La joven realizadora asturiana compite en la sección oficial con “La calle del Agua”, obra en la que rescata a la fotógrafa canguesa Benjamina Miyar

La realizadora Celia Viada Caso, en el teatro Jovellanos, en una imagen cedida por el FICX.

La realizadora Celia Viada Caso, en el teatro Jovellanos, en una imagen cedida por el FICX.

Nació en Madrid en 1991, pero se siente asturiana a todos los efectos. Celia Viada Caso ha filmado una “opera prima” redonda, emocionante e inteligente, con la que compite en la sección oficial del Festival de Cine de Gijón (FICX). “La calle del Agua”, en la que recupera la memoria ocultada y casi borrada de la fotógrafa republicana Benjamina Miyar (1888-1981), ha sido elogiada por críticos exigentes. La realizadora escarbó en los paisajes familiares de Corao (es hija de la escritora Ángeles Caso y nieta del fallecido José Miguel Caso, que fuera rector y catedrático de la Universidad de Oviedo) para dar con una película conmovedora, original, formalmente impecable.

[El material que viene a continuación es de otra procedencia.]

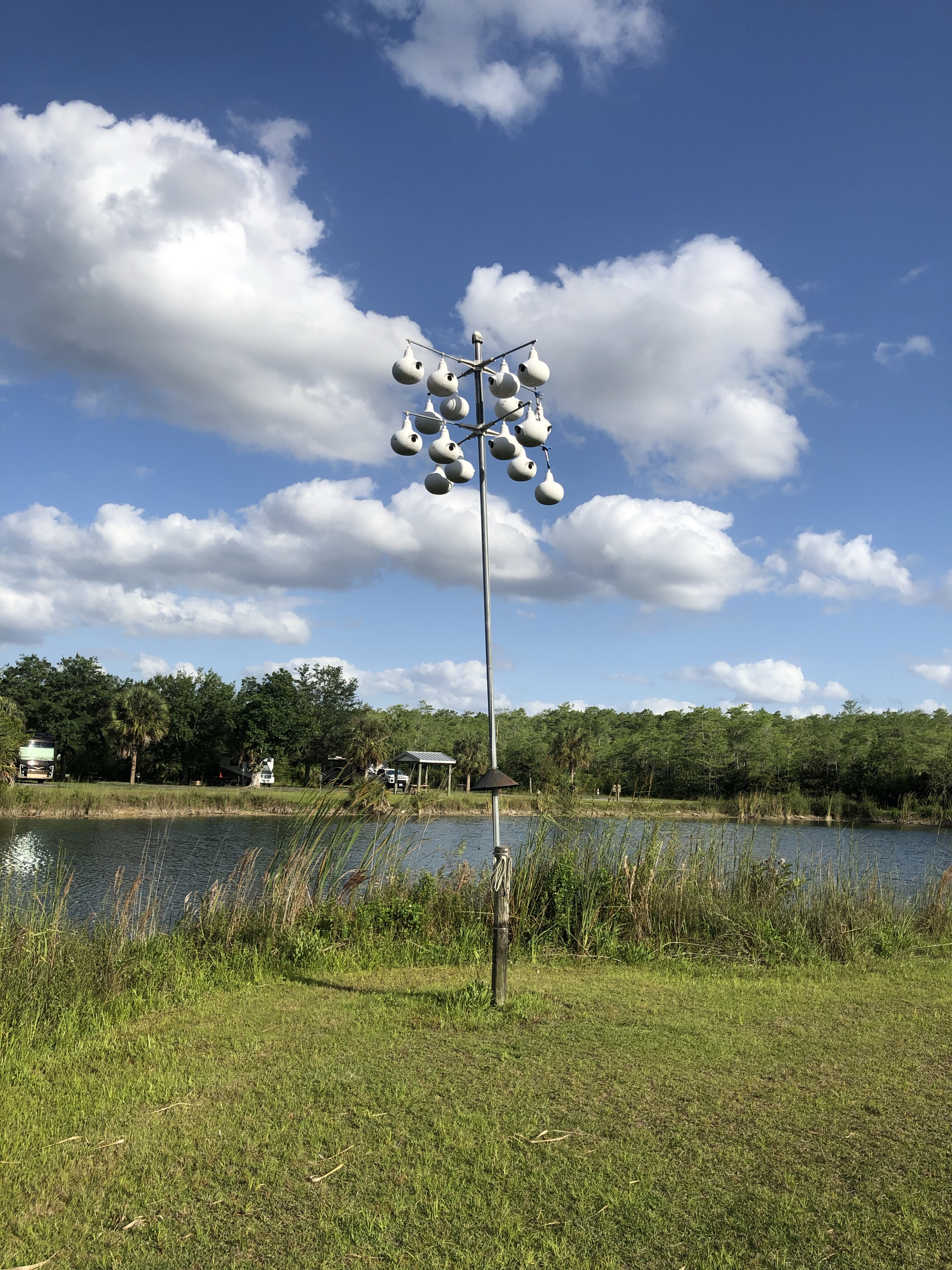 Wir standen zum ersten Mal auf einem sog. State Campground, mit weniger Comfort, dafür aber umso schöner. Was wie eine futuristische Lampe aussieht, entpuppte sich als Vogelhäuschen. Schwimmen war natürlich tabu! Denn im Teich sollten angeblich Alligatoren leben, gesehen haben wir allerdings keinen.

Génesis de la película. “Me encontré con el personaje de Benjamina en un proceso de búsqueda de alguna historia para una película. Me fascinaron tanto su vida como su trabajo y que no se conocieran. Toda esa preparación y el rodaje me han llevado tres años”.

La complicación. “Lo cierto es que acceder a la documentación y a las imágenes ha sido bastante fácil. Lo complicado ha sido aceptar que muchas cosas han desaparecido y que lo que podemos saber de la historia (de Benjamina) es solo una parte pequeñita. Es algo que tuve que ir aceptando e incorporar de alguna manera a la película”.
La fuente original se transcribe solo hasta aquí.